Received 16 October 2017, accepted 16 November 2017, available online 11 January 2018.

Copyright © 2018 A. Averianov et al. This is an open-access article distributed under the terms of the Creative Commons Attribution License (for details please see http://creativecommons.org/licenses/by/4.0/), which permits unrestricted use, distribution, and reproduction in any medium, provided the original author and source are credited.

Introduction

Brontotheres, or titanotheres, are extinct perissodactyls famous for their peculiar bunolophodont morphology and, in late representatives, large body size and bizarre nasofrontal horns. The phylogenetic position of brontotheres within the Perissodactyla has been debated; a recent analysis places them close to tapirs and chalicotheres (Rose et al. 2014). Brontotheres are common in the Eocene of North America and Eastern Asia (Osborn 1929b; Granger and Gregory 1943; Mihlbachler 2008). In China, most records of brontotheres come from Northern China, mainly from the Nei Mongol Province (Granger and Gregory 1943; Russell and Zhai 1987; Wang et al. 1999; Mihlbachler 2008). In South China, brontothere remains have been reported from the five intermountain basins: Lunan, Lijiang, and Yuezhow basins in Yunnan Province, Shinao Basin in Guizhou Province, and Bose Basin in Guangxi Zhuang Autonomous Region. The brontotheriid taxa identified previously from these basins by Chinese scientists include Dianotitan lunanensis (Chow and Hu, 1959), Protitan major Huang and Zheng, 2004, Protitan cf. robustus Granger and Gregory, 1943, Rhinotitan quadridens Xu and Chiu, 1962, and Brontotheriidae indet. from the middle Eocene Lumeiyi Formation of Lunan Basin (Chow and Hu 1959; Xu and Chiu 1962; Chow et al. 1974; Zheng et al. 1978; Huang and Zheng 2004); Brontotheriidae indet. from the middle Eocene Xiangshan Formation of Lijiang Basin (Zhang et al. 1978); Brontotheriidae indet. from the upper Eocene Caijiachong Formation of Yuezhow Basin (Zhang et al. 1978); Pygmaetitan panxianensis Miao, 1982 from the upper Eocene Shinao Formation of Shinao Basin (Miao 1982); cf. Protitan sp. and Metatelmatherium sp. from the middle Eocene Dongjun Formation of Bose Basin (Ding et al. 1977). According to the recent revision of the brontotheriid species-level taxonomy by Mihlbachler (2008), Dianotitan lunanensis and Pygmaetitan panxiensis are valid taxa, Protitan major and Rhinotitan quadridens are nomina dubia, and the material assigned to Protitan cf. robustus from the Lumeiyi Formation lacks sufficient diagnostic characters for species or genus identification. Identification of brontotheres from the Dongjun Formation is also based on fragmentary and not diagnostic specimens.

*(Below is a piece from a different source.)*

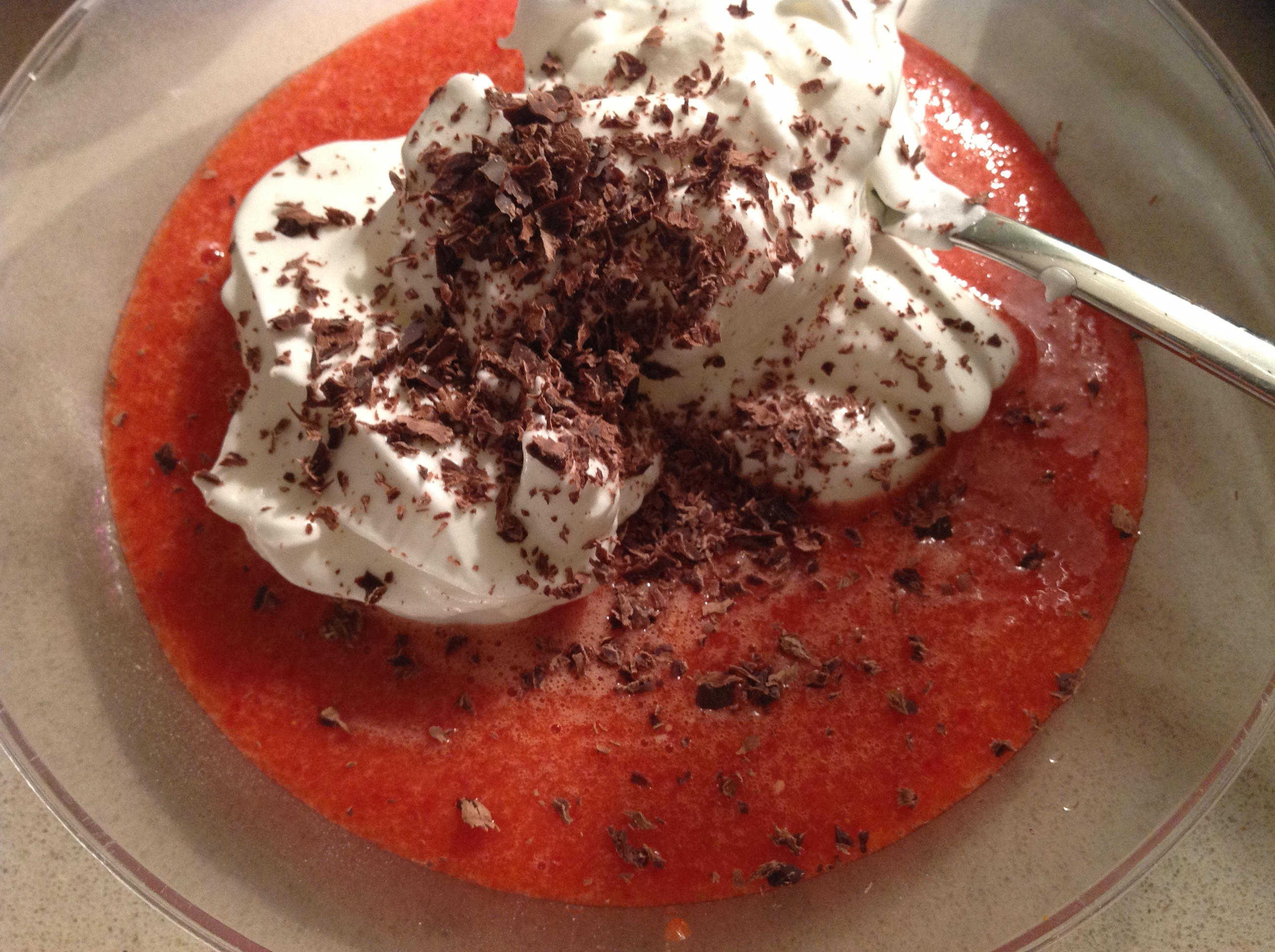 Mescolate delicatamente gli albumi con il frullato di fragole e il cioccolato.

Here we report on a brontothere record in another intermountain basin in South China, represented by a maxillary fragment with P4 and M1-2 (SYSU-M-4). It comes from the dark brown oil shales in the upper part of the Youganwo Formation (Fig. 1) of the Maoming Basin in Guangdong Province, which were deposited under lacustrine conditions. This is the southernmost record of the Brontotheriidae in China. The Youganwo Formation has been dated based on magnetostratigraphy and palynomorph assemblages as upper Eocene (Wang et al. 1994; Jin 2008; Li et al. 2016), or middle-upper Eocene (Aleksandrova et al. 2015). The previously known vertebrate assemblage of the Youganwo Formation includes cyprinid fishes, carettochelyid, adocid, trionychid, and geoemydid turtles, tomistomine and alligatorid crocodiles, nimravid carnivore, and amynodontid perissodactyls (Chow and Liu 1955; Liu 1957; Ye 1958, 1963, 1994; Chow and Ye 1962; Wang et al. 2007; Tong et al. 2010; Claude et al. 2012; Danilov et al. 2013, 2017; Skutschas et al. 2014; Chen et al. 2015; Averianov et al. 2016, 2017).

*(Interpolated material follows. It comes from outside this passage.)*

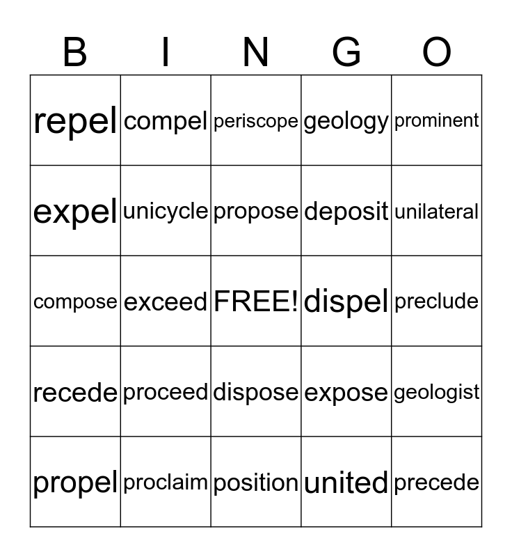 This bingo card has a free space and 24 words: proceed, proclaim, propose, propel, prominent, repel, expel, compel, dispel, dispose, deposit, compose, expose, geologist, unicycle, united, preclude, periscope, unilateral, exceed, precede, recede, geology and position.

Institutional abbreviations.—IVPP, Institute of Vertebrate Paleontology and Paleoanthropology, Chinese Academy of Sciences, Beijing, China; SYSU-M, Mammal fossil collection from the Maoming Basin in the School of Life Sciences, Sun Yat-sen University, Guangzhou, China.

Systematic palaeontology

Order Perissodactyla Owen, 1848

Family Brontotheriidae Marsh, 1873

Subfamily Brontotheriinae Marsh, 1873

Tribe Brontotheriini Marsh, 1873

Subtribe Brontotheriina Marsh, 1873

Infratribe Embolotheriita Osborn, 1929a

Genus Maobrontops nov.

Etymology: From Maoming City and Brontops, a currently invalid genus of North American brontotheres, used as a suffix for some Asian brontotheres.

Type species: Maobrontops paganus sp. nov., by monotypy, see below.

Diagnosis.―Same as for the type species.

Maobrontops paganus sp. nov.

Fig. 2.

Etymology: From Latin paganus, rustic; an allusion to the collection of many Maoming fossils by locals.

Type material: Holotype: SYSU-M-4, a left maxillary fragment with P4 and M1–2.

Type locality: The oil shale quarry (21°420 N, 110°530 E) located near Maoming City, Maoming Basin, Guangdong Province, China.

Type horizon: Youganwo Formation, upper Eocene (Li et al. 2016).

Diagnosis.―Referred to the Brontotheriidae based on W-shaped ectoloph and isolated lingual cusps of upper molars. Referred to the Brontotheriinae because of tall ectoloph with functional emphasis placed on shearing on the labial enamel of the ectoloph (i.e., the labial ectoloph enamel thicker than the lingual ectoloph enamel). Differs from all Brontotheriinae except some members of Embolotheriita (Nasamplus progressus, Protembolotherium efremovi, Em­bolo­therium andrewsi, and Embolotherium grangeri) by upper molar anterolingual cingular cusp large. Differs from the above mentioned taxa of Embolotheriita by P4 paracone rib narrow and P4 hypocone lacking.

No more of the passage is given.